Here is the question: the square root of X minus 3, but the 3 is not under the square root divided by x-9? also another question: the square root of X minus 2, but the 2 is not under the square root divided by 4-x? anyone can help me?

 

[dtcool2003]

How to rationalize the numerator?

Here is the question: sqrt(x) - 3/ x-9 ? also another question: sqrt(x) -2/ 4-x ? anyone can help me? Thanks

 

[daveb]

So you mean sqrt(x)/(x-9) - 3/(x-9)?

 

[dtcool2003]

No

no I mean, sqrt(x) - 3/ x-9 ? also another question: sqrt(x) -2/ 4-x ? anyone can help me? Thanks and I need to rationalize the numerator

 

[dextercioby]

Nope, i guess he means

$$\frac{\sqrt{x} -3}{x-9}$$ and $$\frac{\sqrt{x} -2}{4-x}$$

When rationalizing, remember that $a^2 - b^2 \equiv (a+b)(a-b)$. So take [/itex] a=\sqrt{x} [/itex]. What is 'b' equal to ?

 

[dtcool2003]

yeah

those are the right equations u just put up, but i don't know how to rationalize those equations?

 

[dtcool2003]

yeah

I got x-9/ x-9sqrt(x) + 3x - 27 is that right?

 

[HallsofIvy]

$$\frac{\sqrt{x}-3}{x^2- 9}$$
That it?

Use (a- b)(a+ b)= a²- b²: multiply both numerator and denominator by $\sqrt{3}+ 3$ and the squareroot will disappear from the numerator. It will, of course, show up in the denominator.

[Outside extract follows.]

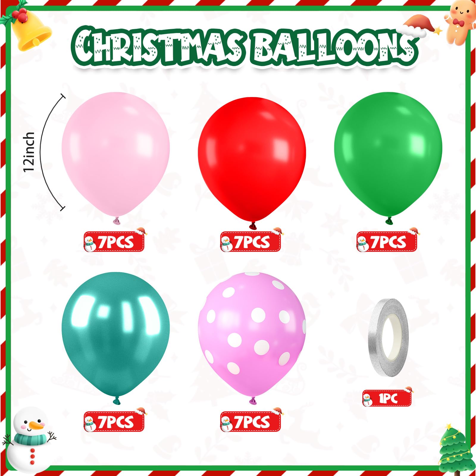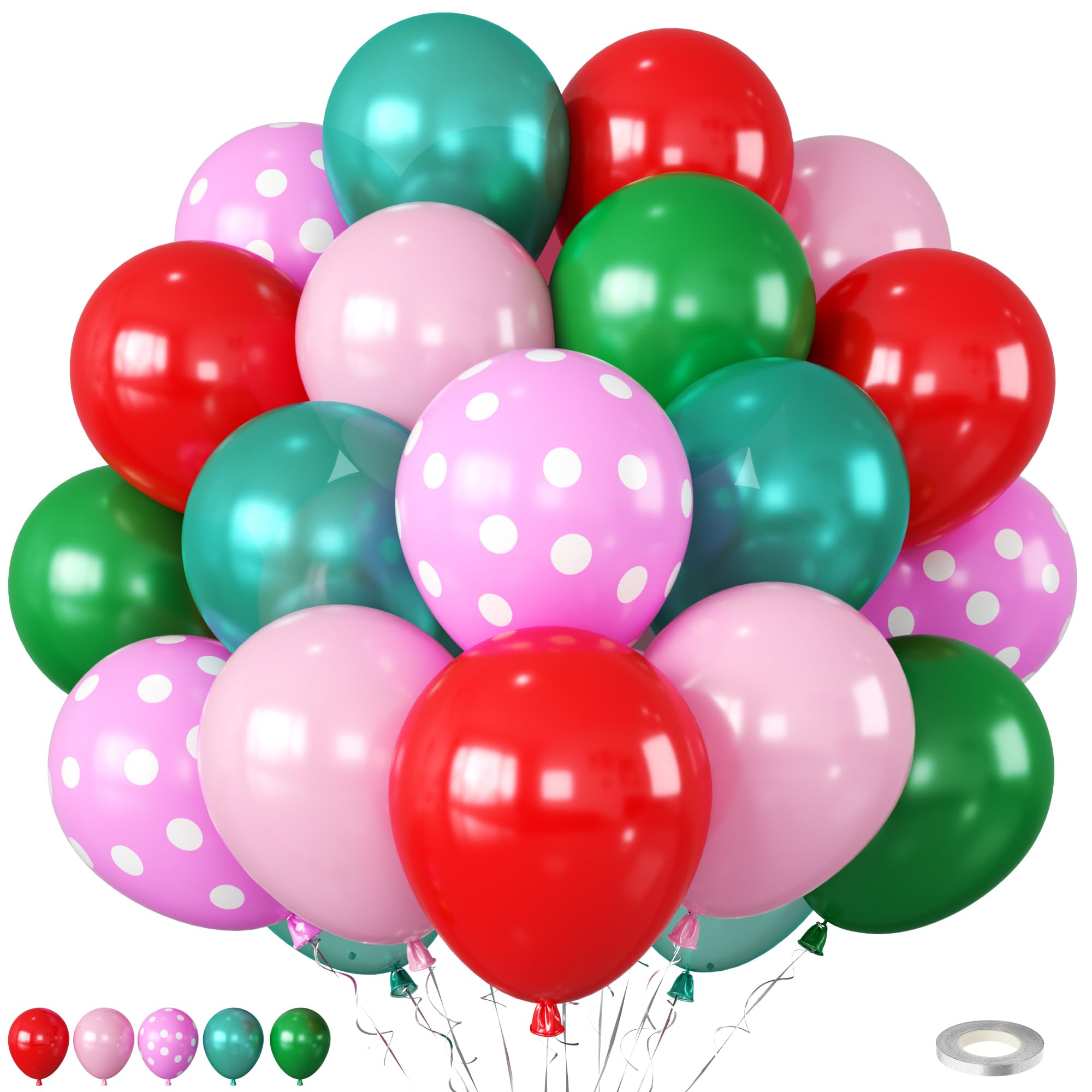 Package Contents: This red pink green Christmas balloons include 35pcs 12 inch balloons ( retro pink*7, matte red*7, dark green*7, pearl teal blue*7), 7pcs 12inch pink and white polka dot balloons, 1pc silver ribbon. Designed to create a lively centerpiece, the assortment gives you everything needed to build a charming balloon garland arch.
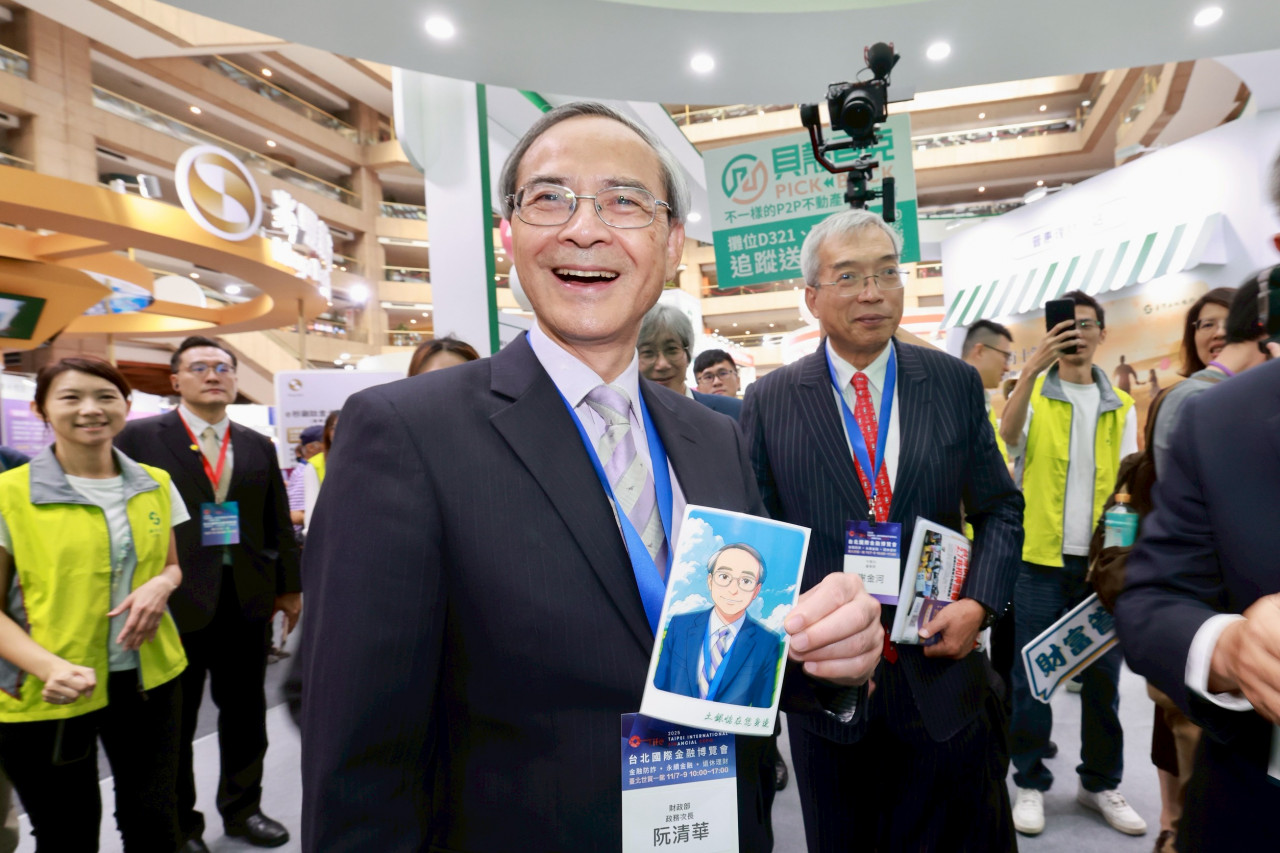▲財政部政務次長阮清華蒞臨2025台北國際金融博覽會。在土地銀行攤位體驗AI生成照片,並聽取土地銀行防詐的成果。(吳東岳攝影)

For the second, assuming you have a fraction with $\sqrt{x}- 2$ in either numerator or denominator, multiply both numerator and denominator by $\sqrt{x}+ 2$

 

[HallsofIvy]

This is not a "Linear and Abstract Algebra" question and it was also posted in the "General Math" section so I am merging the two threads in that section.

 

[ActionPotential]

$$\frac {\sqrt{x}-3}{x-9}$$

Multiply:
Both $${x-9}$$ and $${\sqrt{x}-3}$$

By the conjugate of $${\sqrt{x}-3}$$ which is $${\sqrt{x}+3}$$.

$$\frac {\sqrt{x}-3( \sqrt{x}+3)} {x-9( \sqrt{x}+3)}$$

From here, you should be able to do some algebra, to rationalize the numerator. Do you know what a conjugate is, and why it is used? That might be your issue with not understanding it.